Welcome to the Space Jam

Oh God. I can't get enough of this (pdf), Michal Brody's paper on the startling similarities between the 1996 MJ-and-Bugs vehicle Space Jam and the Mayan creation myth Popul Vuh.
Consciously or unconsciously, the film's writers have developed a narrative in which a pair of heroes (Bugs Bunny and Michael Jordan) 1) are summoned to play a high-stakes underworld ball-game against a variety of frightening villains, 2) manage to defeat those villains through the heroes' summoning of extra-human ability, and 3) ascend from the underworld with a glowing orb, all of which occur in the Popol Vuh. While the details vary (in the Popol Vuh, the heroes intend to retrieve the head of their father, Hunahpu; whereas in Space Jam, the villains have stolen the talent of NBA stars such as Charles Barkley and Patrick Ewing), the congruence is remarkable. Brody also shows that the well-known phonetic irregularities of, e.g., Daffy Duck and Sylvester are quite analogous to those of ancestral characters in a variety of native cosmologies.

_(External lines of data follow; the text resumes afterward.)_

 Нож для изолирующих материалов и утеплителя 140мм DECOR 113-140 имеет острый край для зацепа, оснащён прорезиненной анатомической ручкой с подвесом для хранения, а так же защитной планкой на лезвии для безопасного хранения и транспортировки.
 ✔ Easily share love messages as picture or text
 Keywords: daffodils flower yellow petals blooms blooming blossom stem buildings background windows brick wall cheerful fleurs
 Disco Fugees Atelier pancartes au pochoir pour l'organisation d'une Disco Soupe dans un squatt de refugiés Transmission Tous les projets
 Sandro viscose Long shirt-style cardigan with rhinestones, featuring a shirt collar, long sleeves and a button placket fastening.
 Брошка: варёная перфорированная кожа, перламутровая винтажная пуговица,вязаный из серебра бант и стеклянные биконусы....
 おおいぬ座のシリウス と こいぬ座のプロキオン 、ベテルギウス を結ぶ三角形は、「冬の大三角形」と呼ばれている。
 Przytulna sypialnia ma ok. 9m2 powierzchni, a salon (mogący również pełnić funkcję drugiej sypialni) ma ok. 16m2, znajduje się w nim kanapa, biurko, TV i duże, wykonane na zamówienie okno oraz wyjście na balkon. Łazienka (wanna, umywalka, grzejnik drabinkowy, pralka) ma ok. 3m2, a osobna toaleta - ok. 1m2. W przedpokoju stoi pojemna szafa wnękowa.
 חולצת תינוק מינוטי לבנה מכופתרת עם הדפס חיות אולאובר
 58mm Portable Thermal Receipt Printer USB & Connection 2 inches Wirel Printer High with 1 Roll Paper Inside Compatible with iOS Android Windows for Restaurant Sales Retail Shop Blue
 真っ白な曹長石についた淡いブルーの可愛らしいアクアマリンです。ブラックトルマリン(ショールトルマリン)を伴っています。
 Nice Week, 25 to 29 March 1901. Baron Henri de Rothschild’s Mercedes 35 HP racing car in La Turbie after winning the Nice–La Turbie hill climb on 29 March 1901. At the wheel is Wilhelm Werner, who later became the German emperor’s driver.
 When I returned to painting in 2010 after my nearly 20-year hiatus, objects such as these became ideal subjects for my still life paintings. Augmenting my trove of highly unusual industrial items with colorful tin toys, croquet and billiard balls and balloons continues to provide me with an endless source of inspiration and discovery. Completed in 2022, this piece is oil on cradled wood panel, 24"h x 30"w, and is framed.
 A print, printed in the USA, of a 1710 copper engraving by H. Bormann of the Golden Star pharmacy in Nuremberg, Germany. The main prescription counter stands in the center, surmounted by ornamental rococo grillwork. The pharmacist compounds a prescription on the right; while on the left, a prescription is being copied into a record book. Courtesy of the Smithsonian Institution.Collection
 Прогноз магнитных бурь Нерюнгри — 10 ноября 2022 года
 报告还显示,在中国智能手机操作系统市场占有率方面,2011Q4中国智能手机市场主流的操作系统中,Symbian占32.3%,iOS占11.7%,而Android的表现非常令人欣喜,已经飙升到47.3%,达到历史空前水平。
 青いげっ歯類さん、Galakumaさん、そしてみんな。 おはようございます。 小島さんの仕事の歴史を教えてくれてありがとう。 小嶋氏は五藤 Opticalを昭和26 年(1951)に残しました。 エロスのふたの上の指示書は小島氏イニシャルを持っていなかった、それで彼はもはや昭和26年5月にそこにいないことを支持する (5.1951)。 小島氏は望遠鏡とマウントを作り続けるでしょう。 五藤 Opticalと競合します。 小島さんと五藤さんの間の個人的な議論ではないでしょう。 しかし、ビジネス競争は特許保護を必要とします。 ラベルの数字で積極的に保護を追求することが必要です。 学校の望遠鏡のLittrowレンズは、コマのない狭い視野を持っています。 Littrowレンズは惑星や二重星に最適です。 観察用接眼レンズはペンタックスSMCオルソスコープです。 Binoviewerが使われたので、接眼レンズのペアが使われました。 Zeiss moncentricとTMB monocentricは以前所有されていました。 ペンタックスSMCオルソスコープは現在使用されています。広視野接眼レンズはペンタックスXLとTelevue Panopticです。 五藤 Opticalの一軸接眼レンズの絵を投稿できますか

Hero twins. Also, Bill Murray.
In addition, the Looney Tunes are not bound by the physical laws of the known world and are capable of recovering almost instantly from injuries that would more than kill any one of us. Those characteristics are shared as well by the Hero Twins of the Popol Vuh. Like the Tune Squad, their adventure in defeating the lords of the under-world is filled with treachery, faith, and the symbolic power of the sphere. Thus, we’ve seen that a venerated and classic story with grand- scale cultural importance has significant thematic parallels with a trifling and inconsequential Hollywood bauble intended principally for viewing by children.  
There's a digital version of the Popul Vuh (Wuj?) here, if anyone would like to take this further, compare-and-contrast styles. Alternative option: compare Who Framed Roger Rabbit with the inevitable apotheosis of the monomyth's Universal Hero.